Closed fdchevalier closed 6 years ago
Hi @fdchevalier,
Thanks for your interest in vcfR! But I'm afraid I don't feel I understand your request. What sort of behavior are you looking for? As you mentioned, we already have extract.indels()
with behavior as follows.
> data("vcfR_test")
> getFIX(vcfR_test)
CHROM POS ID REF ALT QUAL FILTER
[1,] "20" "14370" "rs6054257" "G" "A" "29" "PASS"
[2,] "20" "17330" NA "T" "A" "3" "q10"
[3,] "20" "1110696" "rs6040355" "A" "G,T" "67" "PASS"
[4,] "20" "1230237" NA "T" NA "47" "PASS"
[5,] "20" "1234567" "microsat1" "GTC" "G,GTCT" "50" "PASS"
> vcf1 <- extract.indels(vcfR_test)
> getFIX(vcf1)
CHROM POS ID REF ALT QUAL FILTER
[1,] "20" "14370" "rs6054257" "G" "A" "29" "PASS"
[2,] "20" "17330" NA "T" "A" "3" "q10"
[3,] "20" "1110696" "rs6040355" "A" "G,T" "67" "PASS"
[4,] "20" "1230237" NA "T" NA "47" "PASS"
> vcf2 <- extract.indels(vcfR_test, return.indels = TRUE)
> getFIX(vcf2)
CHROM POS ID REF ALT QUAL FILTER
"20" "1234567" "microsat1" "GTC" "G,GTCT" "50" "PASS"
It seems to me that we have functionality to sort the variants into either just indels or just SNPs. What new functionality are you looking for? Also note that this provides an example where the ALT allele includes both a deletion and and insertion which seems presents a challenge to sorting insertions from deletions. Have you considered this situation?
Thanks! Brian
Hi Brian,
Sorry for not being clear enough. The extract.indels()
function extracts indels but do not return a logical vector (TRUE
/FALSE
) of rows that contains such indels (like the is.biallelic()

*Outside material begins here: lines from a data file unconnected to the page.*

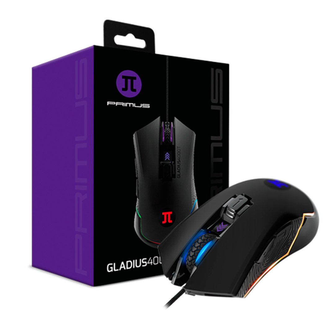 MOUSE PRIMUS PMO-101, GAMING GLADIUS 4000T, OPTICO USB, 6 BOTONES, VELOCIDAD AJUSTABLE ENTRE 500 A 4000 DPI, COLORES RGB AJUSTABLE CON SOFTWARE (PMO-101)
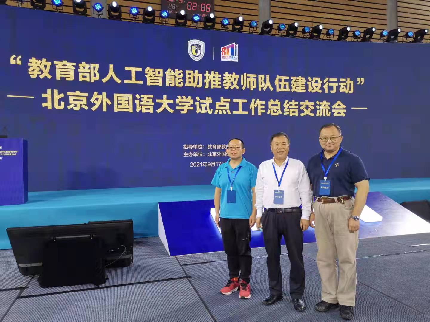 9月17日,“教育部人工智能助推教师队伍建设行动”试点工作总结交流会在北京外国语大学举行,教育部党组成员、副部长孙尧,教育部教师工作司司长任友群、副司长宋磊,北京市委教育工委副书记李奕,教育部试点专家组的专家,全国23个省教育厅的负责人,全国55所第二批人工智能助推教师队伍建设试点申报高校的校领导,教师发展、信息化建设等相关部门的负责人,相关专家等300余人出席了会议。365官网作为教育部第二批人工智能助推教师队伍建设行动试点单位,由校党委副书记、常务副校长马德明带队,教师发展中心郭辉、王亚夫陪同,应邀参加了会议。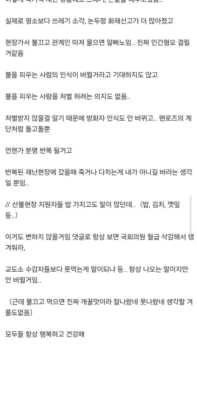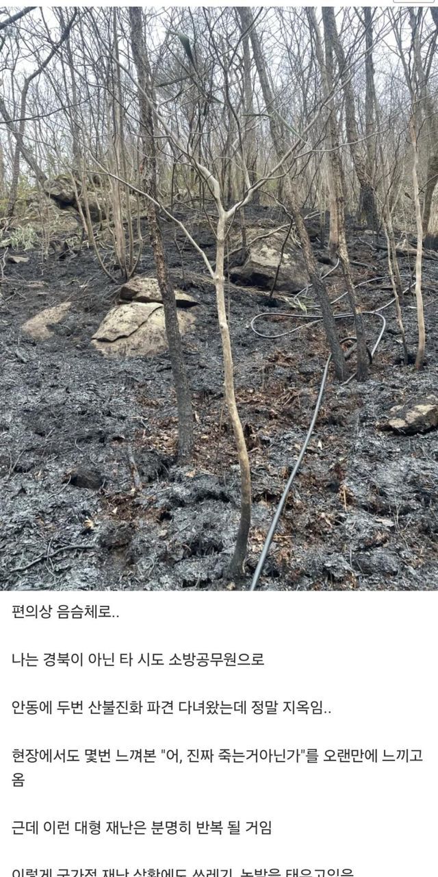 사람들 오갈데가 없어지고 죽는정도의 산불이 나는데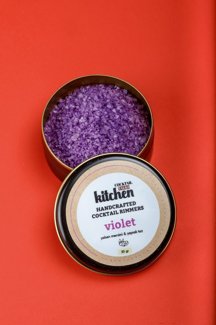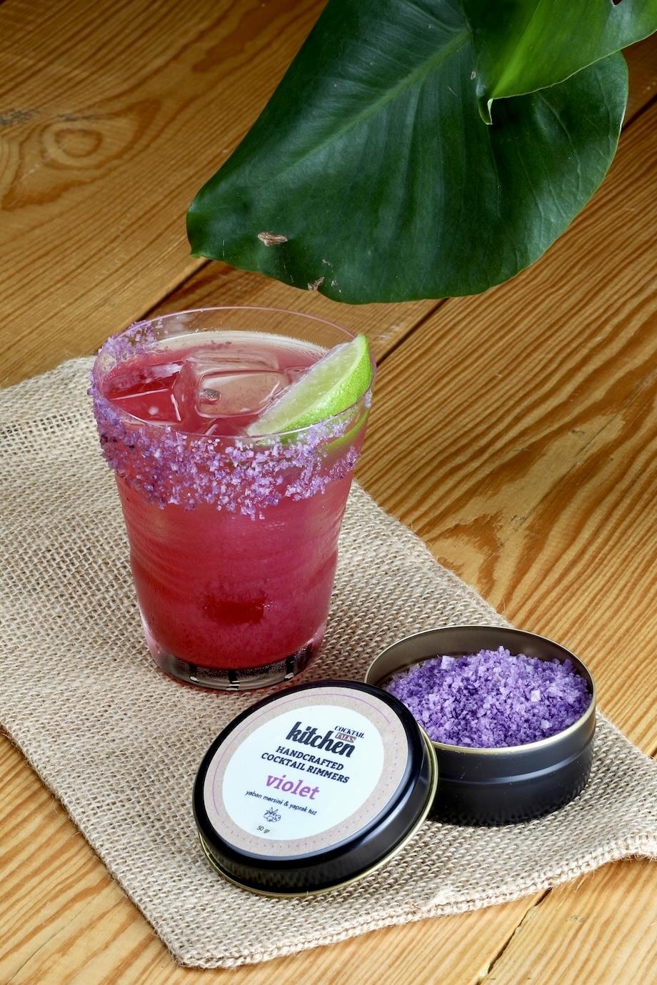 • Violet Rimmer: Yaban mersini ve yaprak tuz bileşimiyle hazırlanan kokteyl tuzu olup kenar kaplamada düzenli tutuş ve canlı bir görünüm sağlar.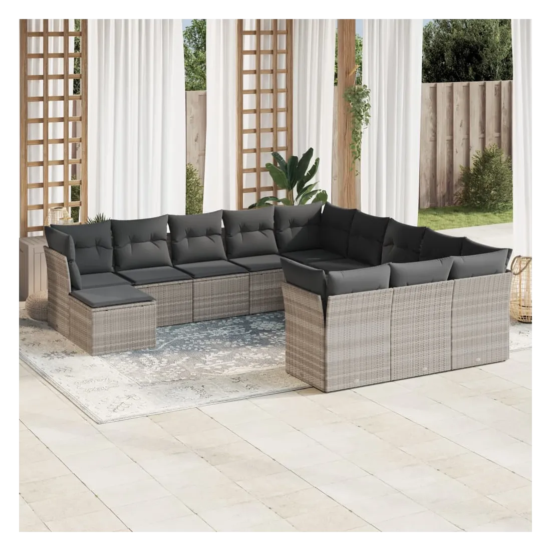 Salon de jardin avec coussins 12 pcs gris clair résine tressée

function would do for biallelic sites). For instance, if I generate a data.frame from the gt
slot (let's say extracting allele frequencies), then perform operations on this data.frame and finally filter out indel sites on this data.frame for plotting purpose, I need to identified the rows from the original vcfR object which correspond to indels. By the way, I cannot extract the SNP only and then pull out the allele frequencies because I need the indel information somewhere in my downstream analysis.
For example, here is the is.indel()
function that I made derived from the extract.indels()
:
is.indel <- function (x) {
isIndel <- matrix(FALSE, nrow = nrow(x), ncol = 2)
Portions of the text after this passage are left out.